Input records:
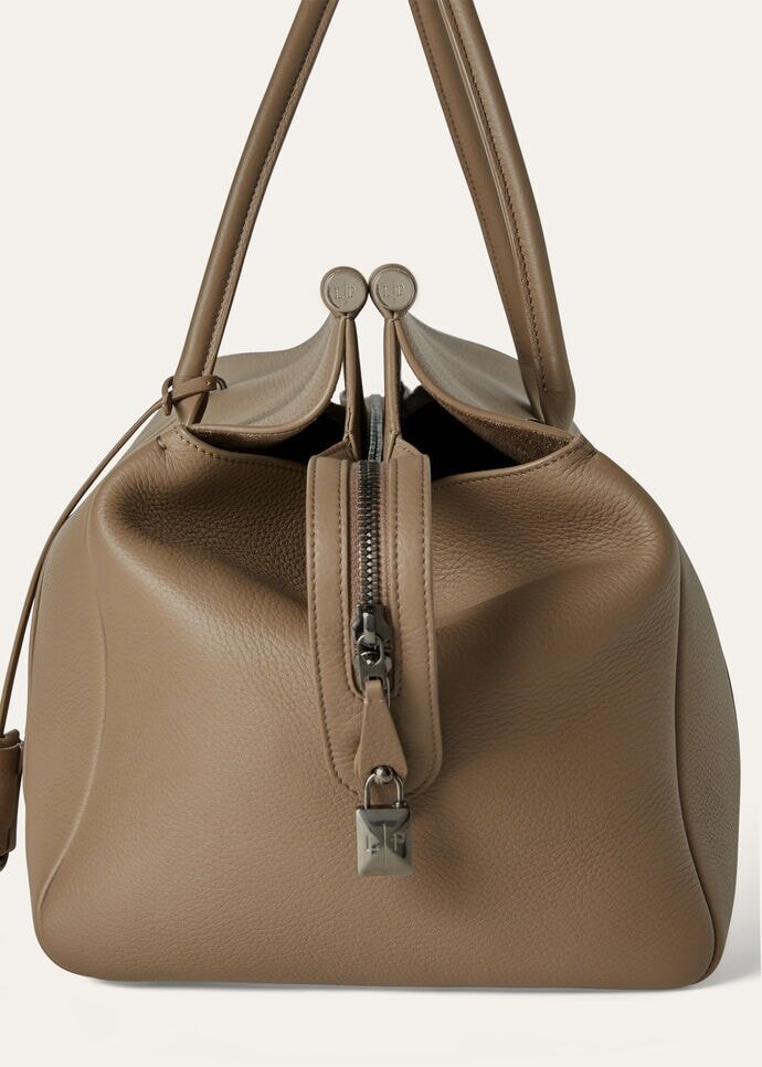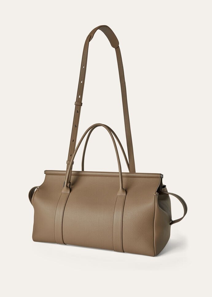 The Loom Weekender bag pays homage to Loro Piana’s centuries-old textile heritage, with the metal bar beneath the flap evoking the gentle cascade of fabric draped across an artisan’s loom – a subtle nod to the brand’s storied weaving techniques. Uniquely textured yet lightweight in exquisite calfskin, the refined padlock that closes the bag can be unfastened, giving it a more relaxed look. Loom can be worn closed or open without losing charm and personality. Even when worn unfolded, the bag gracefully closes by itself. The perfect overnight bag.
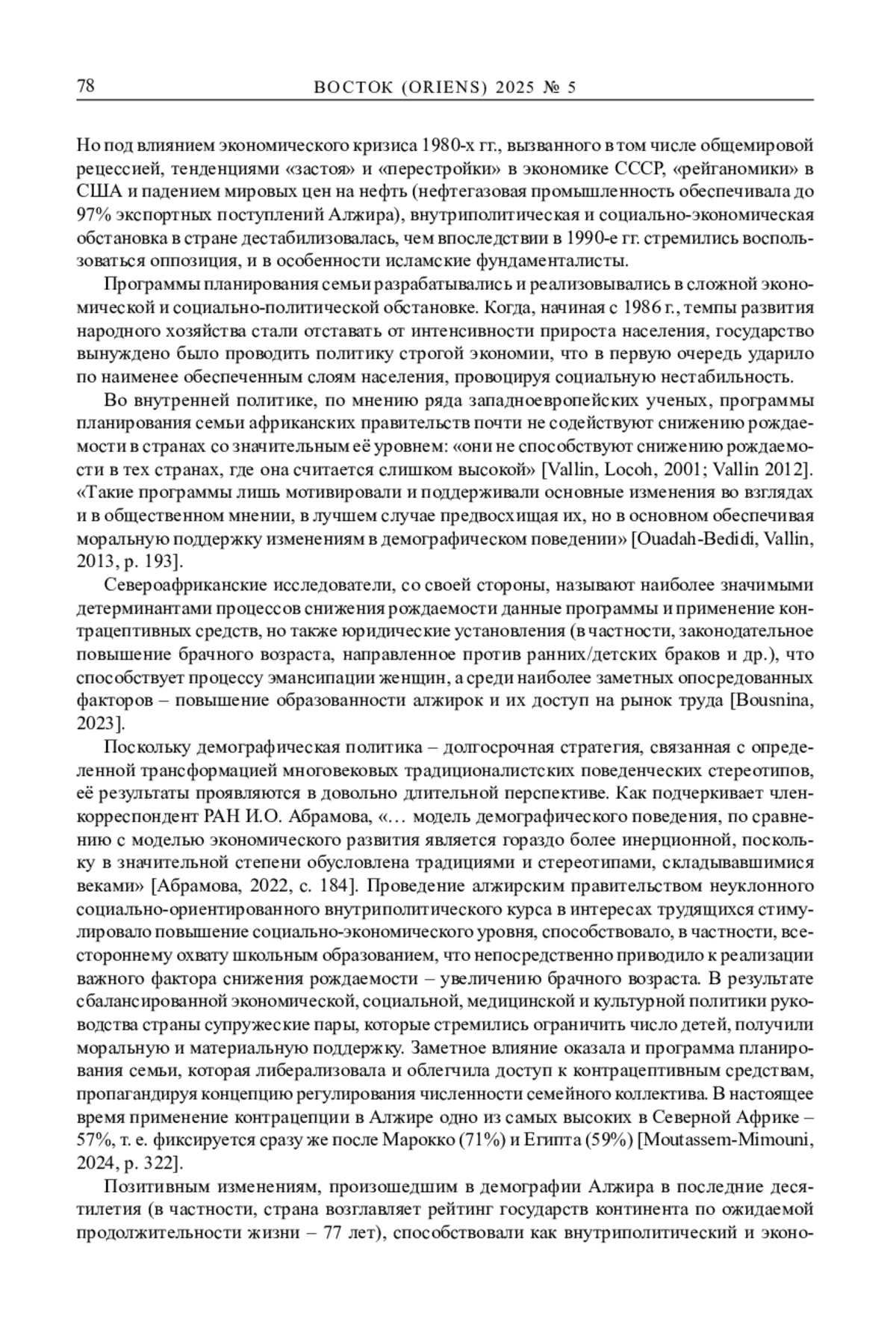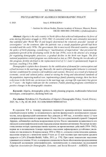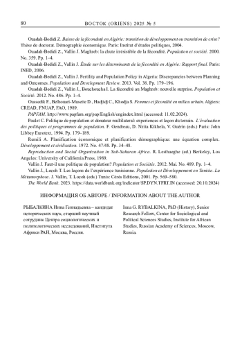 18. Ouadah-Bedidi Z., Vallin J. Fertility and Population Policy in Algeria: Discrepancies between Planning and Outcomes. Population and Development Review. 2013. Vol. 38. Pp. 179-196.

...

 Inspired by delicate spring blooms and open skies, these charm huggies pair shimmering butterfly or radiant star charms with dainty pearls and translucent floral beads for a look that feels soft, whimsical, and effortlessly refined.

* * *

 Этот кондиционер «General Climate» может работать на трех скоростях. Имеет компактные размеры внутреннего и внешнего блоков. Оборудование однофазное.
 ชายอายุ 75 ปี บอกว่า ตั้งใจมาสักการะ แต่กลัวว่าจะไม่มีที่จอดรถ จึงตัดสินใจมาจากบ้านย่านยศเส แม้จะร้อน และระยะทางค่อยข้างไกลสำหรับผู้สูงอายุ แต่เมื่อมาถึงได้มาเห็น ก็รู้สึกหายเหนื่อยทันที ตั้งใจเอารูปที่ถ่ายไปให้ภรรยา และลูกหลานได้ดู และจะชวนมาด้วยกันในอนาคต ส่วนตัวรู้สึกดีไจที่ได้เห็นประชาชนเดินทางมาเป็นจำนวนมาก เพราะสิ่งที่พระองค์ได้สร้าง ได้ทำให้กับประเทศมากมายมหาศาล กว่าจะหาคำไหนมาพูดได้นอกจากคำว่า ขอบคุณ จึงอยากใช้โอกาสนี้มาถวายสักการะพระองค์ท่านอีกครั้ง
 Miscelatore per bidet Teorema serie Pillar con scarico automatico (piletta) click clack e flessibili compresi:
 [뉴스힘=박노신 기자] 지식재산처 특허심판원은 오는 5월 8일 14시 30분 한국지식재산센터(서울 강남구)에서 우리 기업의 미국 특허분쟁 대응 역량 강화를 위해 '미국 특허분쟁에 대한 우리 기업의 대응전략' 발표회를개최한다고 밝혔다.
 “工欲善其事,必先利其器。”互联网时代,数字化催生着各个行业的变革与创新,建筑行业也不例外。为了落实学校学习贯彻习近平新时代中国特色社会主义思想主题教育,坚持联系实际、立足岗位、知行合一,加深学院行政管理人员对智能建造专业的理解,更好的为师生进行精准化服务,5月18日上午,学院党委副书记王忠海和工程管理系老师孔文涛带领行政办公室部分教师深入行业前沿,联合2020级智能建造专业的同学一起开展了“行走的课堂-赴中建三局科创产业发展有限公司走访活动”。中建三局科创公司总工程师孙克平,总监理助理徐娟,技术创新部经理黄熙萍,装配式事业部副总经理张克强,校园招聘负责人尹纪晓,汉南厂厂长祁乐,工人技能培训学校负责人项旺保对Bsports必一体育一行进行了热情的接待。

Work request: Each line above that falls between the line with "The Loom Weekender" and the line with "18. Ouadah-Bedidi Z., Vallin" should be printed exactly, together with those two lines, but the pictures should not.

Written solution:
 The Loom Weekender bag pays homage to Loro Piana’s centuries-old textile heritage, with the metal bar beneath the flap evoking the gentle cascade of fabric draped across an artisan’s loom – a subtle nod to the brand’s storied weaving techniques. Uniquely textured yet lightweight in exquisite calfskin, the refined padlock that closes the bag can be unfastened, giving it a more relaxed look. Loom can be worn closed or open without losing charm and personality. Even when worn unfolded, the bag gracefully closes by itself. The perfect overnight bag.
 18. Ouadah-Bedidi Z., Vallin J. Fertility and Population Policy in Algeria: Discrepancies between Planning and Outcomes. Population and Development Review. 2013. Vol. 38. Pp. 179-196.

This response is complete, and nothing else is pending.